DONE! You can now log in.

After I fixed the problem I found the same solution here, but it was impossible to get from search engines on the first instance. Also, beware the insert in that link has a small mistake.

Solution 2:

Interresting question. I did a bit of digging around on my own Syno and came up with this:

Look in /etc/group via ssh. There should be a line looking like:

administrators:x:101:john,admin,plex

("plex" is only there if you installed the Plex package.)

Add your admin account to that line. As far as I know that is the only thing needed to get into DSM web-managment. For the normal web-server access (personalized home-page) user must also be added to the "http" line in the same file.

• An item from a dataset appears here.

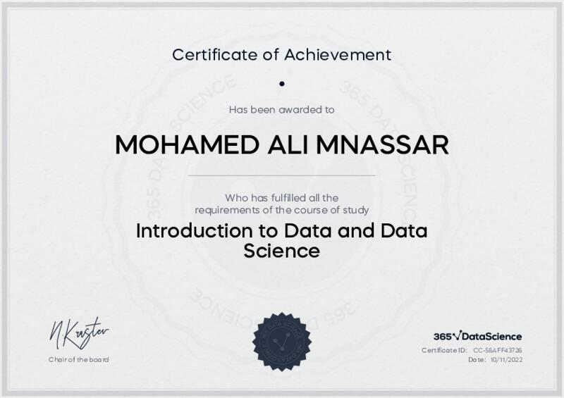 This user has been awarded the Introduction to Data and Data Science Certificate for successfully completing the course exam. Holding this certificate demonstrates their proficiency on the topic and signifies they are qualified to apply their newly acquired expertise in the fields of data analytics and data science.

Next thing is to pull the file /etc/synoappprivilege.db to a computer (carefull, this is a binary. Don't copy in text mode.)
This is a SQLite database containing the actual privileges.
Load this file in a HEX editor and look for the Desktop section.
This should look like:

YNO.Desktop0.0.0.00000:0000:0000:0000:0000:FFFF:0000:000MW

The YNO and MW could have different values. The important part are the numbers. These should be the same as show above.
Change this using the HEX editor and put the modified file back on the Syno (keep a backup-copy of the original!!!).

I'm not sure this change is picked up auto-magically, so a reboot may be needed to activate the new setting.